La idea había surgido unas noches atrás, mientras tomábamos té bajo una cúpula de infinitas estrellas desparramadas mágicamente hasta el suelo nocturno, helado y violáceo de arena, le comenté a mi amigo que uno de los lugares que quería conocer antes de morir era Tassili n'Ajjer, en Argelia, para comprobar personalmente en sus cordilleras ciertas pinturas rupestres incómodas para unos, y para otros tan clarificadoras. Daha, explicó que también cerca de Tifariti existía un lugar que contenía ese tipo de huellas y pinturas. En ellas, había constancia de cierta leyenda que en el desierto del Sahara siempre se ha asumido como cierta. Al parecer, convivieron junto con los hombres, hace mucho, mucho tiempo, unos seres de tez muy blanca, de estaturas enormes y notables sabidurías que dejaron entre otros el legado de la agricultura.
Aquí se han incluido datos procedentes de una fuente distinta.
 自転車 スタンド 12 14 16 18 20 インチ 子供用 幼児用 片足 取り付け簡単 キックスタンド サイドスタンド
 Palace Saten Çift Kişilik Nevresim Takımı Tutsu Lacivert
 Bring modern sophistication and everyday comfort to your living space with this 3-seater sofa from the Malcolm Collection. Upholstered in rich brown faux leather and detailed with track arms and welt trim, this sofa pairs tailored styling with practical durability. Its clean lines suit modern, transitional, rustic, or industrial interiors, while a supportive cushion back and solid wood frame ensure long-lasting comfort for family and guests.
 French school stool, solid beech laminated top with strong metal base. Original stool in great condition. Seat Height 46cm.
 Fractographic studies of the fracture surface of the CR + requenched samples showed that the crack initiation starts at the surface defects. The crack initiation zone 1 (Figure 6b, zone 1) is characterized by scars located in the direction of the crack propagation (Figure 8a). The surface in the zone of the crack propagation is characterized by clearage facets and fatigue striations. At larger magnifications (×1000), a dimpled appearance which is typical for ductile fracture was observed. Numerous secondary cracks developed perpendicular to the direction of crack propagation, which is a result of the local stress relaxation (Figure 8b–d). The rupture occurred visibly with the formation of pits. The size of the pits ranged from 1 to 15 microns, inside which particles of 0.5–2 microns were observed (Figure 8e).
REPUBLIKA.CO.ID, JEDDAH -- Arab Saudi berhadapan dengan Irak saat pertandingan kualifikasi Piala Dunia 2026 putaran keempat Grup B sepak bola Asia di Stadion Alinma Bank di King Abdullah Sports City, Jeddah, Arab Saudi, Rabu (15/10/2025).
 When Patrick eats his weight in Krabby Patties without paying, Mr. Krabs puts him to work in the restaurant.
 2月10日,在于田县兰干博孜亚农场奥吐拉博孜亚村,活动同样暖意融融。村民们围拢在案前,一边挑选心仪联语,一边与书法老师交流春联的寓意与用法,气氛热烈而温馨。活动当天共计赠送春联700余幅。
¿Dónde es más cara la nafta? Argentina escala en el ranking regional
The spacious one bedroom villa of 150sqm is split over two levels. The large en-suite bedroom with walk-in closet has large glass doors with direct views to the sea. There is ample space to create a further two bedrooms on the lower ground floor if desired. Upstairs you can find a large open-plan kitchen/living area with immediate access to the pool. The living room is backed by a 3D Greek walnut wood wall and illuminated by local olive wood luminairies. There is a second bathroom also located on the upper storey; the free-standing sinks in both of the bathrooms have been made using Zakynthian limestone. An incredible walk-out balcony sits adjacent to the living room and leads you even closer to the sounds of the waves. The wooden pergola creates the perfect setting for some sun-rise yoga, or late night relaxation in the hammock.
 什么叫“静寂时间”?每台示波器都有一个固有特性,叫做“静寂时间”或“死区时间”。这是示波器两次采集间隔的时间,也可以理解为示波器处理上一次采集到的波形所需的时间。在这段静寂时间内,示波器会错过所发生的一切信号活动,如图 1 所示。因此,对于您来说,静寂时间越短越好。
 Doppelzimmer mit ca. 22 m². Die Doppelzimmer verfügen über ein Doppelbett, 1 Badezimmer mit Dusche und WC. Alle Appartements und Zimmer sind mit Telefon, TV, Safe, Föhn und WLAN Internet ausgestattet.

Nos quedamos todos suspendidos en un denso silencio.
Cuando el desierto no era desierto, y sí un vergel, donde los leones y las jirafas campaban a sus anchas entre la vegetación tupida, el hombre mataba momentos de ocio pintando lo que literalmente acontecía frente a sí mismo, hace más de diez mil años desde la altura de su cueva. Más que por ornamentación estas pinturas servían para narrar historias de hijos a nietos, siendo el precedente de la escritura, de las novelas, del cine, de la fotografía, de la memoria gráfica en definitiva.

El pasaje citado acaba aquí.